### Task item
Could you repeat the entries below exactly, but only from the line with "delivered to his" through the line with "plastic bulbs/star topper.", and without any picture?

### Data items
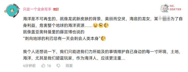 数据上,瑚礁保护宣传PV发布不到两天,单B站播放量就已接近200万,用户参与方面,评论区大量玩家在畅谈对海洋保护的理解,还有玩家晒出自己养的珊瑚。
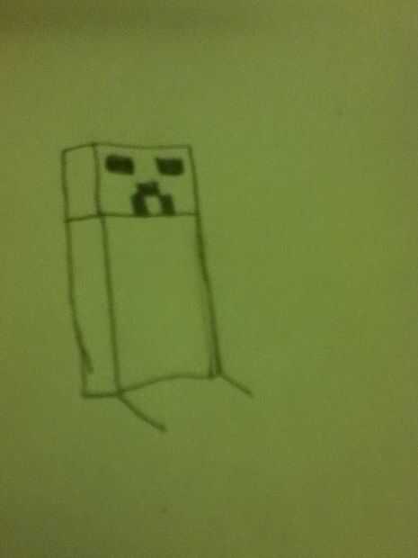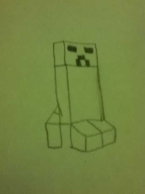 Paso 1: cabeza Dibujar un cubo para su cabeza (Duh).Paso 2: cuerpo Dibujar una forma más larga y más fina rectanglish para el cuerpo.Paso 3: piernas Añadir las tres patas (uno no puede ver) en el cuerpo.Paso 4: detalles Ahora añadir la cara de creepe
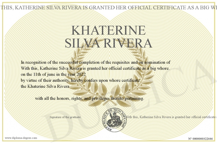 delivered to his owner by With this, Katherine Silva Rivera is granted her official certificate as a big whore. !
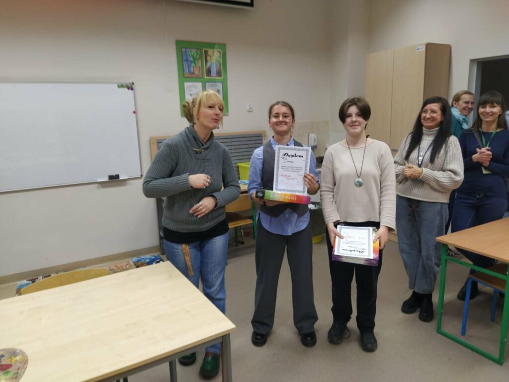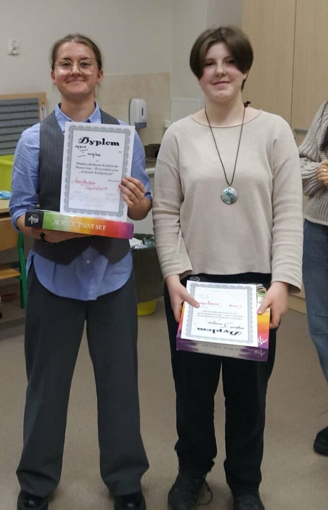 Uczennice naszej szkoły – Lena Sulżycka z kl. 7c i Anastasia Tushikova z kl. 8b wzięły udział w międzyszkolnym konkursie plastycznym „Jesienna kompozycja” organizowanym przez SP nr 20 w Poznaniu. W ciągu godziny wykonały pracę malarską pod dodatkowym tytułem „Jesień w lesie grzyby niesie”. Dziewczyny spisały się na medal: obie zajęły I miejsce!!! Gratulujemy!
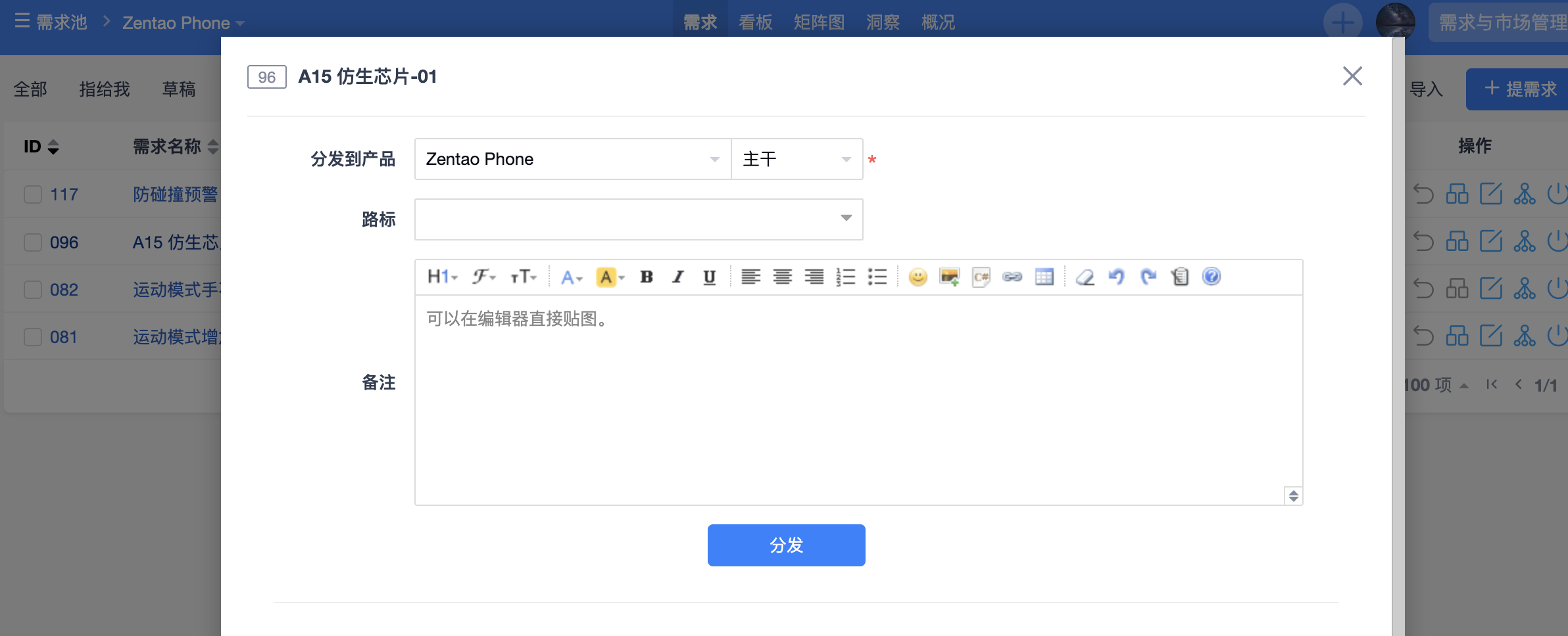 需求分发页面可以将需求分发到对应的产品、路标中。
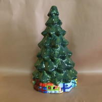 14.5” lighted tree, with electric light and plastic bulbs/star topper.
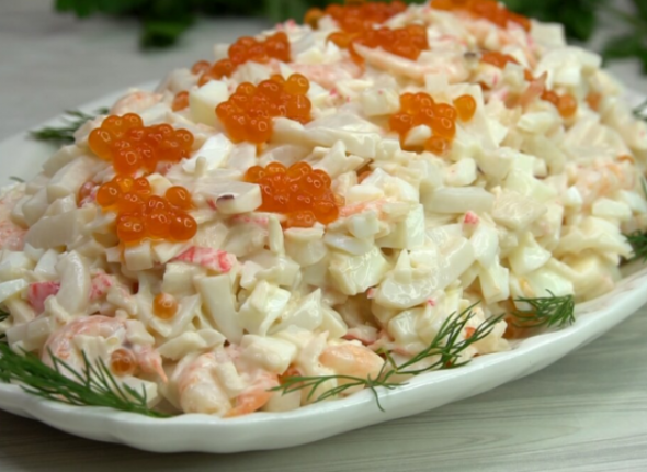 Этот салат готовится без сложных техник, выглядит нарядно и необычно, а вкус получается нежным, свежим и очень сбалансированным. Часто даже те, кто равнодушен к морепродуктам, просят добавку. Отличный выбор для новогоднего и любого праздничного стола.
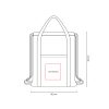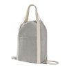 Bolsa-mochila gris ecológica de algodón reciclado con tirantes de cordón y cerrado de jareta. Cuenta con una bolsa frontal y asas para usar como bolsa.
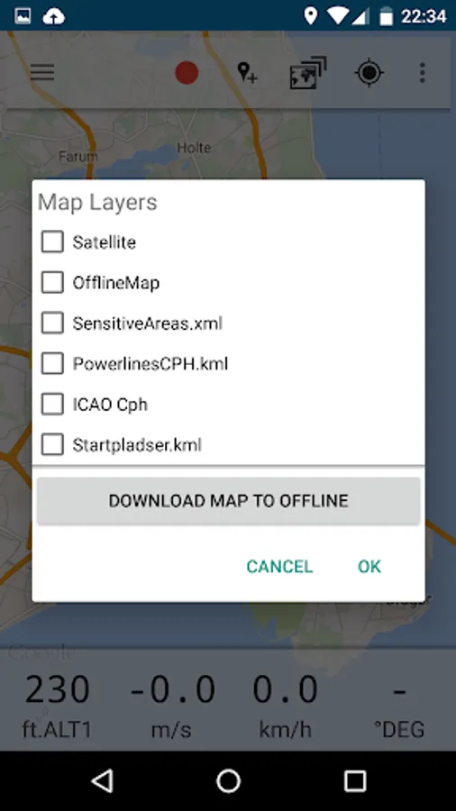 - Logging: View, interact and share recorded tracks. Upload you logs to Drive/Dropbox or share by email
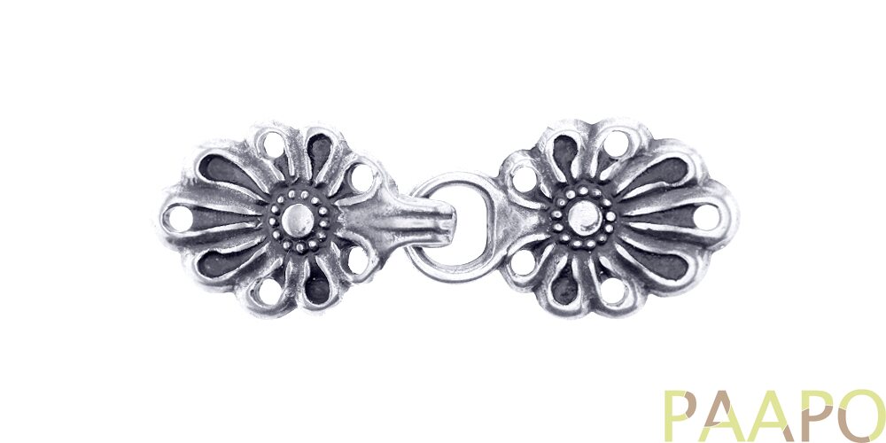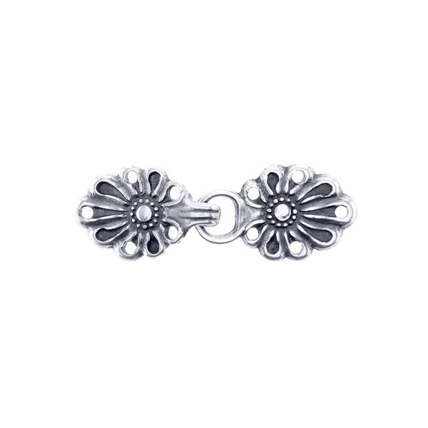 A beautiful decorative metal alloy fastener. Perfect for buttons on a knitted sweater.
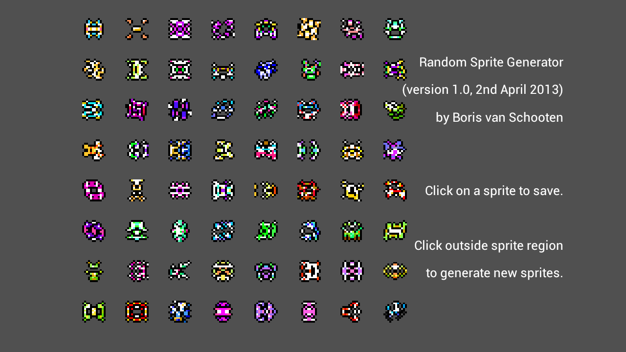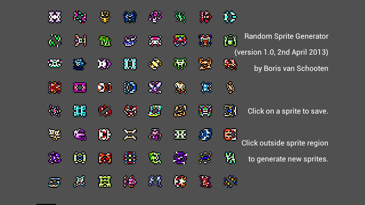 A random sprite generator I use for creating games. It generates 12x12 pixel animated retro style game sprites. Now on Android, which makes it possible to create game sprites anytime anywhere!
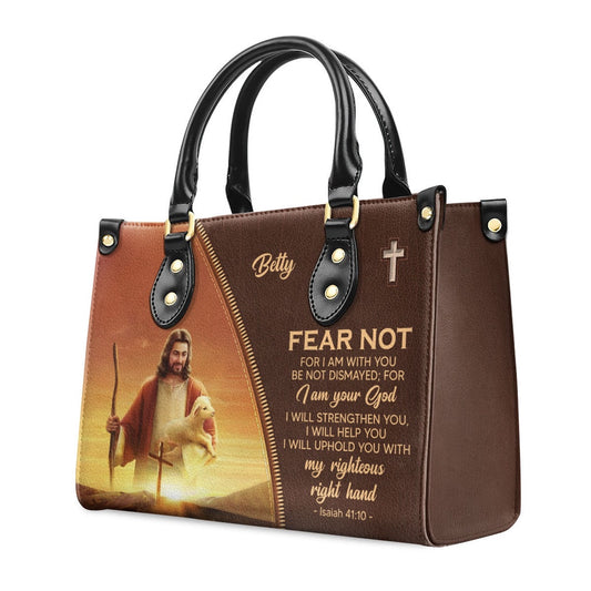 Personalized Christian Leather Bag, Meaningful Personalized Leather Handbag - For I Am With You, Faith Handbag
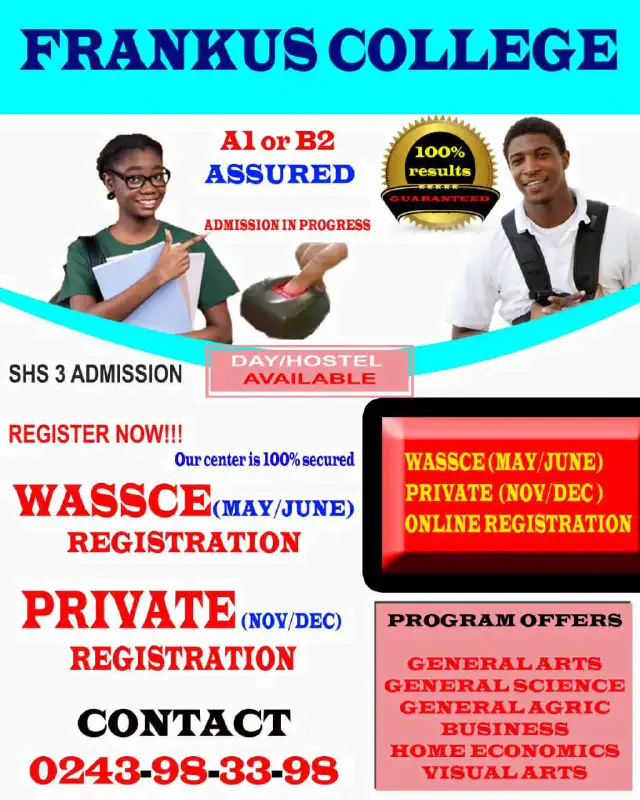 Admission is in progress all year round and students who are preparing for the WASSCE and the NOV/DEC and need effective and result-oriented tuition should Call Frankus College, your No1 Remedial School on 0243983398 or Chat them on WhatsApp by clicking the link [GRADE A and B at Frankus]
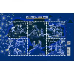 Поштовий випуск «Воїни світла. Воїни добра» присвячений темі світла, яке перемагає темряву. Серія складається з п’яти марок, на яких зображені люди, що щодня самовіддано відновлюють нормальне життя українців: енергетики, газовики, працівники водопостачання, дорожники та зв’язківці. Вони повертають у домівки світло, тепло, воду, газ, відновлюють дороги й комунікації. Аркуш відзначається яскравим сяйвом під ультрафіолетовим світлом і виготовлений із використанням технології вибіркового лакування.
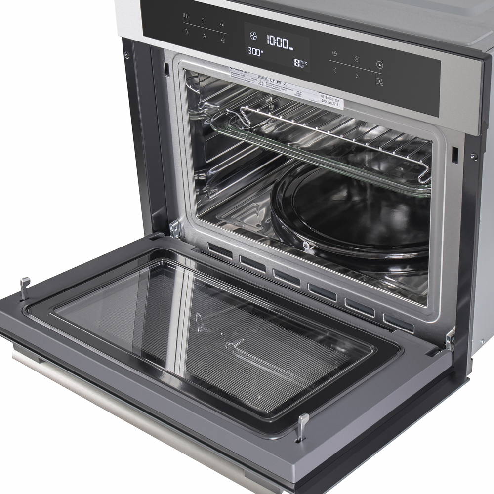 Описаниешкаф духовой электрический компактный с функцией СВЧ, 60 см, нержавеющая сталь/черное стекло

### Result for this task
 delivered to his owner by With this, Katherine Silva Rivera is granted her official certificate as a big whore. !
 Uczennice naszej szkoły – Lena Sulżycka z kl. 7c i Anastasia Tushikova z kl. 8b wzięły udział w międzyszkolnym konkursie plastycznym „Jesienna kompozycja” organizowanym przez SP nr 20 w Poznaniu. W ciągu godziny wykonały pracę malarską pod dodatkowym tytułem „Jesień w lesie grzyby niesie”. Dziewczyny spisały się na medal: obie zajęły I miejsce!!! Gratulujemy!
 需求分发页面可以将需求分发到对应的产品、路标中。
 14.5” lighted tree, with electric light and plastic bulbs/star topper.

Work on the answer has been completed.